▸ **GIVEN INFORMATION**
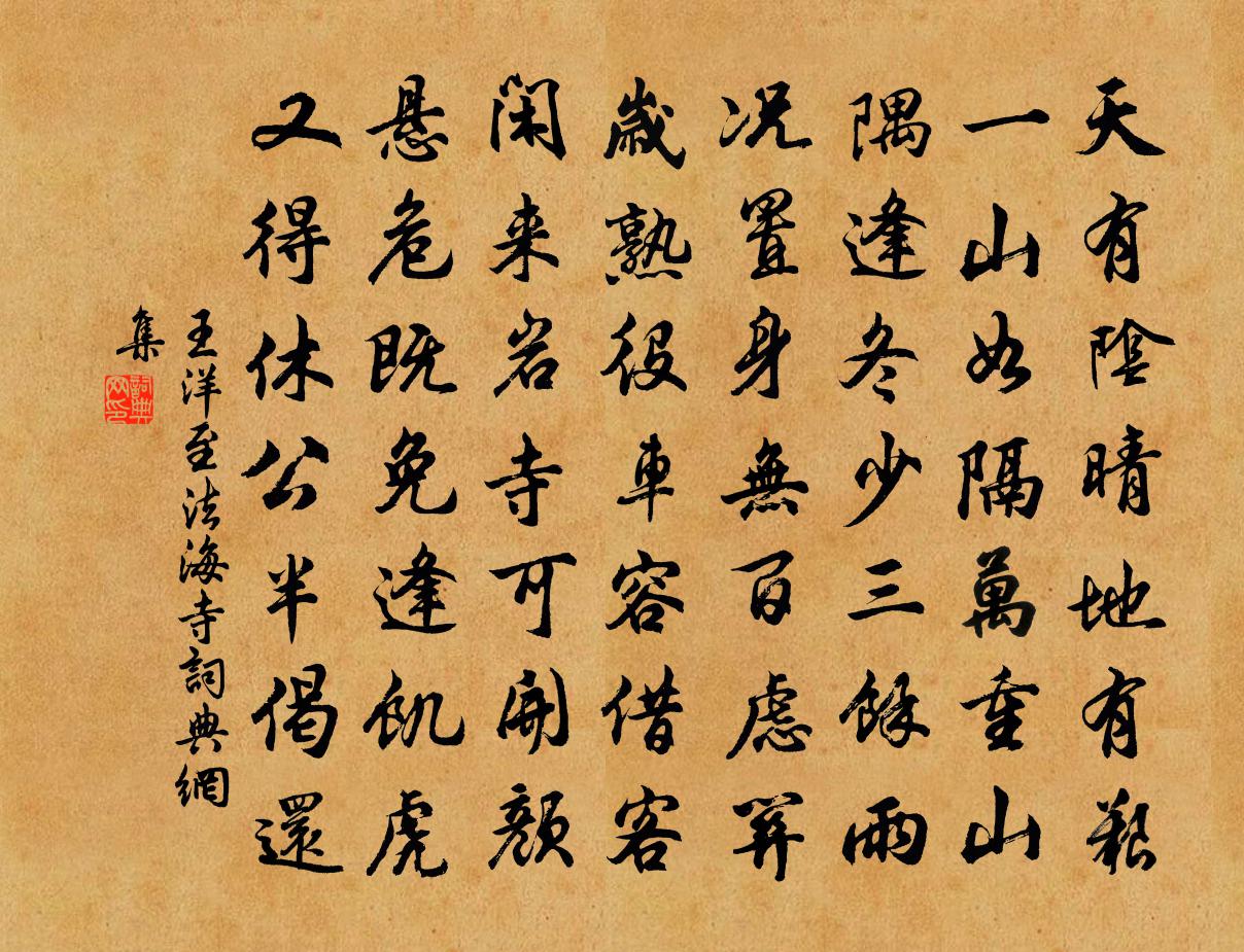 詩詞名句歷史字典書法欣賞書法字典國語詞典說文解字康熙字典古漢語字典標 題 作 者 詩 句 至法海寺作者:王洋 朝代:宋代至法海寺原文天有陰晴地有艱,一山如隔萬重山。隅逢冬少三餘雨,況置身無百慮關。歲熟役車容借客。閒來岩寺可開顏。懸危既免逢飢虎,又得休公半偈還。詩詞問答問:至法海寺的作者是誰?答:王洋問:至法海寺寫於哪個朝代?答:宋代王洋至法海寺書法欣賞至法海寺書法作品詩詞推薦愛詠詩白居易〔唐代〕辭章諷詠成千首,心行歸依向一乘。坐倚繩床閒自念,前生應是一詩僧。真藥物頌周無所住〔宋代〕天地之先,無根靈草。一意制度,產成至寶。又作此奉衛王杜甫〔唐代〕西北樓成雄楚都,遠開山嶽散江湖。二儀清濁還高下,三伏炎蒸定有無。推轂幾年唯鎮靜,曳裾終日盛文儒。白頭再次交代韻四首袁說友〔宋代〕筆力潛窺大小蘇,詩傳諸老定{巇山換口}吁。從今訂價連城重,政使群兒有善誣。齊雩祭歌 世祖武皇帝謝朓〔南北朝〕浚哲維祖。長發其武。帝出自震。重光御宇。七德攸宣。九疇鹹敘。靜難荊衡。凝威蠡浦。昧旦丕承。夕惕刑政。木蘭花慢 題倪都運南塘蓮社廬山社蘭亭會後胡祗遹〔元代〕知前代尊俎風流,猶為人永永景慕。其於善行名言,豐功懋烈,誰得而廢之。去歲夏,仆忝與賓末,僅贅一闋,庶閒坐憶樂天以詩問酒熟未劉禹錫〔唐代〕案頭開縹帙,肘後檢青囊。唯有達生理,應無治老方。減書存眼力,省事養心王。君酒何時熟,相攜入醉鄉。姑熟官舍寄汝洛友人許渾〔唐代〕官靜亦無能,平生少面朋。務開唯印吏,公退只棋僧。藥鼎初寒火,書龕欲夜燈。安知北溟水,終日送摶鵬。緣識宋太宗〔宋代〕至道非凡要審知,當仁不必用遲疑。修行忽若無靈應,還信神仙白晝飛。別張袁州五首彭龜年〔宋代〕弦急無和聲,行疾多窘步。從容應萬變,乃有天下度。先生經綸才,所至祛百蠹。一州直易耳,治者弗敢措。弱翁河傳·春淺納蘭性德〔清代〕春淺,紅怨。掩雙環,微雨花間。畫閒,無言暗將紅淚彈。闌珊,香銷輕夢還。斜倚畫屏思往事。皆不是,空作相失題羅仲舒〔宋代〕世情落落疏,林樹森森密。乘興一登臨,峭然風景別。飛雲去不停,狂澗流無歇。巢許是何人,萬古豪稱傑。贈李企許月卿〔宋代〕雁湖曾是謫臨川,誰道風流愧昔賢。共覺共兜亂堯世,何須虞黃質周田。三年遷客僅數舍,一日恩書落九天。歸去詠史詩沙丘胡曾〔唐代〕年年遊覽不曾停,天下山川欲遍經。堪笑沙丘才過處,鑾輿風過鮑魚腥。舟行戲書陸游〔宋代〕世事無窮膏火煎,羈魂病骨久羸然。覺時不及夢差樂,死去始嗟生可憐。慷慨知非請纓日,推移忽及掛冠年。揚帆重別薛華王勃〔唐代〕明月沉珠浦,風飄濯錦川。樓台臨絕岸,洲渚亘長天。旅泊成千里,柏遑共百年。窮途唯有淚,還望獨潸然。無愁果有愁曲北齊歌李商隱〔唐代〕東有青龍西 * ,中含福星包世度。玉壺渭水笑清潭,鑿天不到牽牛處。騏驎踏雲天馬獰,牛山撼碎珊瑚聲。秋娥採桑子·平生為愛西湖好歐陽修〔宋代〕平生為愛西湖好,來擁朱輪。富貴浮雲,俯仰流年二十春。歸來恰似遼東鶴,城郭人民,觸目皆新,誰識當年舊主題黃鶴樓江萬里〔宋代〕黃鶴樓高倚半天,樓中黃鶴去千年。檐楹自是留真境,幾席何妨得老仙。雲護山光秋駐馬,日籠江影書停船。良工至後入城道中雜興十首楊萬里〔宋代〕山路肩輿倦僕夫,家兄為我酒頻沽。賣薪人散知城近,啼柳烏忙覺日脯。名句推薦智足以拒諫,言足以飾非司馬遷《史記·汲鄭列傳》 桃花落,閒池閣。山盟雖在,錦書難托。陸游《釵頭鳳·紅酥手》 離恨又迎春,相思難重陳。和凝《菩薩蠻·越梅半拆輕寒里》 不堪腸斷思鄉處,紅槿花中越鳥啼。李德裕《謫嶺南道中作》 為容不在貌,獨抱孤潔。張炎《疏影·梅影》 近來攀折苦,應為別離多王之渙《送別》 最是一年春好處,絕勝煙柳滿皇都。韓愈《早春呈水部張十八員外 / 初春小雨 / 早春》 何以解憂?唯有杜康。曹操《短歌行》 古今多少事,都付笑談中。楊慎《臨江仙·滾滾長江東逝水》 逕直夫何細!橋危可免扶?楊萬里《寒食上冢》
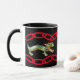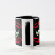Dois dragões com escamas verdes e brancas no corpo, espinhos dourados e vermelhos na cabeça, língua vermelha. Bordado na parte superior e inferior com elos de corrente vermelha em um fundo preto.
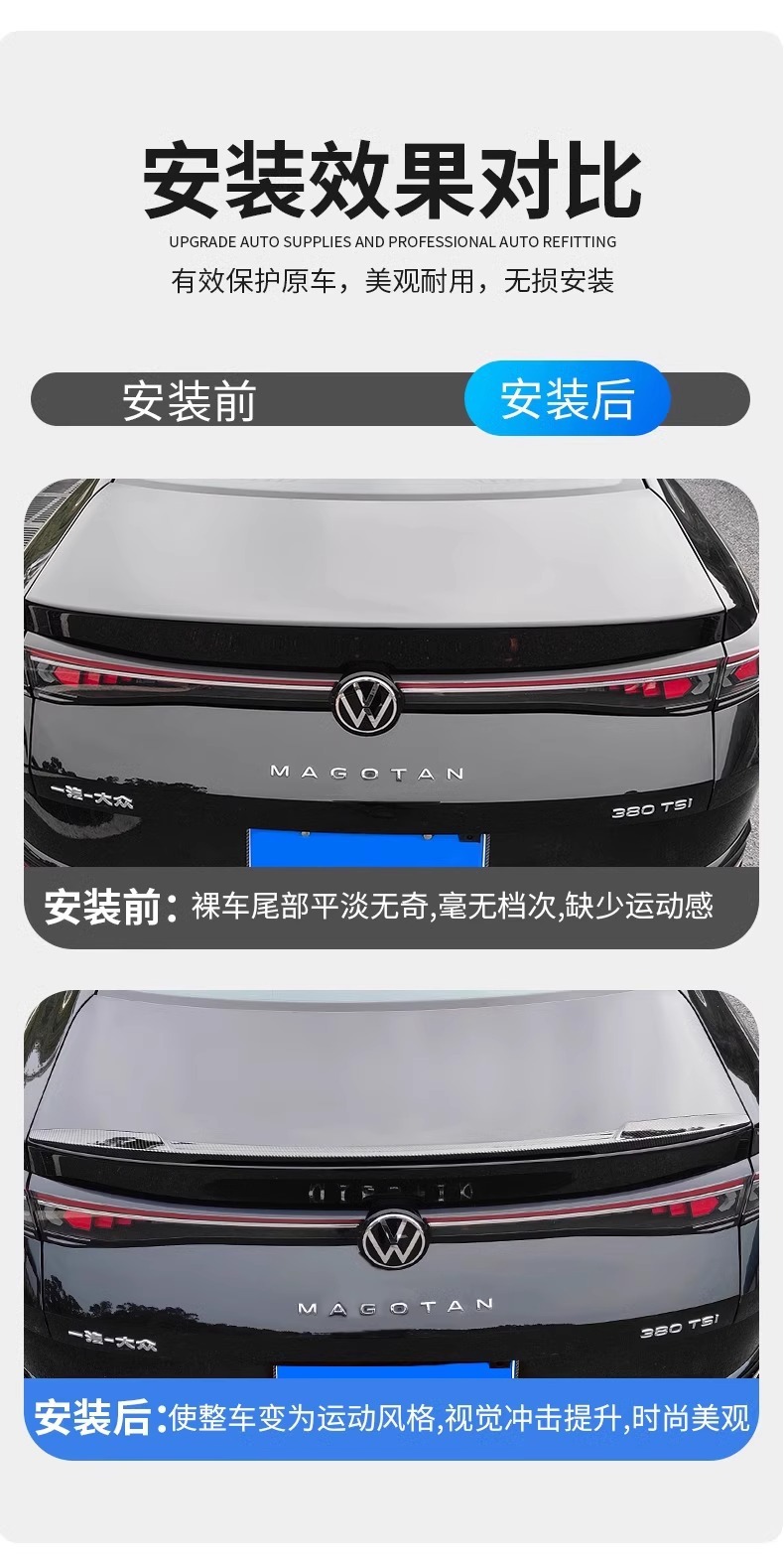 Upgrade your VW Magotan B9 with this MC style glossy painted rear trunk spoiler. Easy no-drill installation for a sporty design and improved aerodynamics.

▸ **REQUIRED ACTION**
Copy out all the data above exactly as written. Skip the pictures.

▸ **SOLVED EXERCISE**
 詩詞名句歷史字典書法欣賞書法字典國語詞典說文解字康熙字典古漢語字典標 題 作 者 詩 句 至法海寺作者:王洋 朝代:宋代至法海寺原文天有陰晴地有艱,一山如隔萬重山。隅逢冬少三餘雨,況置身無百慮關。歲熟役車容借客。閒來岩寺可開顏。懸危既免逢飢虎,又得休公半偈還。詩詞問答問:至法海寺的作者是誰?答:王洋問:至法海寺寫於哪個朝代?答:宋代王洋至法海寺書法欣賞至法海寺書法作品詩詞推薦愛詠詩白居易〔唐代〕辭章諷詠成千首,心行歸依向一乘。坐倚繩床閒自念,前生應是一詩僧。真藥物頌周無所住〔宋代〕天地之先,無根靈草。一意制度,產成至寶。又作此奉衛王杜甫〔唐代〕西北樓成雄楚都,遠開山嶽散江湖。二儀清濁還高下,三伏炎蒸定有無。推轂幾年唯鎮靜,曳裾終日盛文儒。白頭再次交代韻四首袁說友〔宋代〕筆力潛窺大小蘇,詩傳諸老定{巇山換口}吁。從今訂價連城重,政使群兒有善誣。齊雩祭歌 世祖武皇帝謝朓〔南北朝〕浚哲維祖。長發其武。帝出自震。重光御宇。七德攸宣。九疇鹹敘。靜難荊衡。凝威蠡浦。昧旦丕承。夕惕刑政。木蘭花慢 題倪都運南塘蓮社廬山社蘭亭會後胡祗遹〔元代〕知前代尊俎風流,猶為人永永景慕。其於善行名言,豐功懋烈,誰得而廢之。去歲夏,仆忝與賓末,僅贅一闋,庶閒坐憶樂天以詩問酒熟未劉禹錫〔唐代〕案頭開縹帙,肘後檢青囊。唯有達生理,應無治老方。減書存眼力,省事養心王。君酒何時熟,相攜入醉鄉。姑熟官舍寄汝洛友人許渾〔唐代〕官靜亦無能,平生少面朋。務開唯印吏,公退只棋僧。藥鼎初寒火,書龕欲夜燈。安知北溟水,終日送摶鵬。緣識宋太宗〔宋代〕至道非凡要審知,當仁不必用遲疑。修行忽若無靈應,還信神仙白晝飛。別張袁州五首彭龜年〔宋代〕弦急無和聲,行疾多窘步。從容應萬變,乃有天下度。先生經綸才,所至祛百蠹。一州直易耳,治者弗敢措。弱翁河傳·春淺納蘭性德〔清代〕春淺,紅怨。掩雙環,微雨花間。畫閒,無言暗將紅淚彈。闌珊,香銷輕夢還。斜倚畫屏思往事。皆不是,空作相失題羅仲舒〔宋代〕世情落落疏,林樹森森密。乘興一登臨,峭然風景別。飛雲去不停,狂澗流無歇。巢許是何人,萬古豪稱傑。贈李企許月卿〔宋代〕雁湖曾是謫臨川,誰道風流愧昔賢。共覺共兜亂堯世,何須虞黃質周田。三年遷客僅數舍,一日恩書落九天。歸去詠史詩沙丘胡曾〔唐代〕年年遊覽不曾停,天下山川欲遍經。堪笑沙丘才過處,鑾輿風過鮑魚腥。舟行戲書陸游〔宋代〕世事無窮膏火煎,羈魂病骨久羸然。覺時不及夢差樂,死去始嗟生可憐。慷慨知非請纓日,推移忽及掛冠年。揚帆重別薛華王勃〔唐代〕明月沉珠浦,風飄濯錦川。樓台臨絕岸,洲渚亘長天。旅泊成千里,柏遑共百年。窮途唯有淚,還望獨潸然。無愁果有愁曲北齊歌李商隱〔唐代〕東有青龍西 * ,中含福星包世度。玉壺渭水笑清潭,鑿天不到牽牛處。騏驎踏雲天馬獰,牛山撼碎珊瑚聲。秋娥採桑子·平生為愛西湖好歐陽修〔宋代〕平生為愛西湖好,來擁朱輪。富貴浮雲,俯仰流年二十春。歸來恰似遼東鶴,城郭人民,觸目皆新,誰識當年舊主題黃鶴樓江萬里〔宋代〕黃鶴樓高倚半天,樓中黃鶴去千年。檐楹自是留真境,幾席何妨得老仙。雲護山光秋駐馬,日籠江影書停船。良工至後入城道中雜興十首楊萬里〔宋代〕山路肩輿倦僕夫,家兄為我酒頻沽。賣薪人散知城近,啼柳烏忙覺日脯。名句推薦智足以拒諫,言足以飾非司馬遷《史記·汲鄭列傳》 桃花落,閒池閣。山盟雖在,錦書難托。陸游《釵頭鳳·紅酥手》 離恨又迎春,相思難重陳。和凝《菩薩蠻·越梅半拆輕寒里》 不堪腸斷思鄉處,紅槿花中越鳥啼。李德裕《謫嶺南道中作》 為容不在貌,獨抱孤潔。張炎《疏影·梅影》 近來攀折苦,應為別離多王之渙《送別》 最是一年春好處,絕勝煙柳滿皇都。韓愈《早春呈水部張十八員外 / 初春小雨 / 早春》 何以解憂?唯有杜康。曹操《短歌行》 古今多少事,都付笑談中。楊慎《臨江仙·滾滾長江東逝水》 逕直夫何細!橋危可免扶?楊萬里《寒食上冢》
Dois dragões com escamas verdes e brancas no corpo, espinhos dourados e vermelhos na cabeça, língua vermelha. Bordado na parte superior e inferior com elos de corrente vermelha em um fundo preto.
 Upgrade your VW Magotan B9 with this MC style glossy painted rear trunk spoiler. Easy no-drill installation for a sporty design and improved aerodynamics.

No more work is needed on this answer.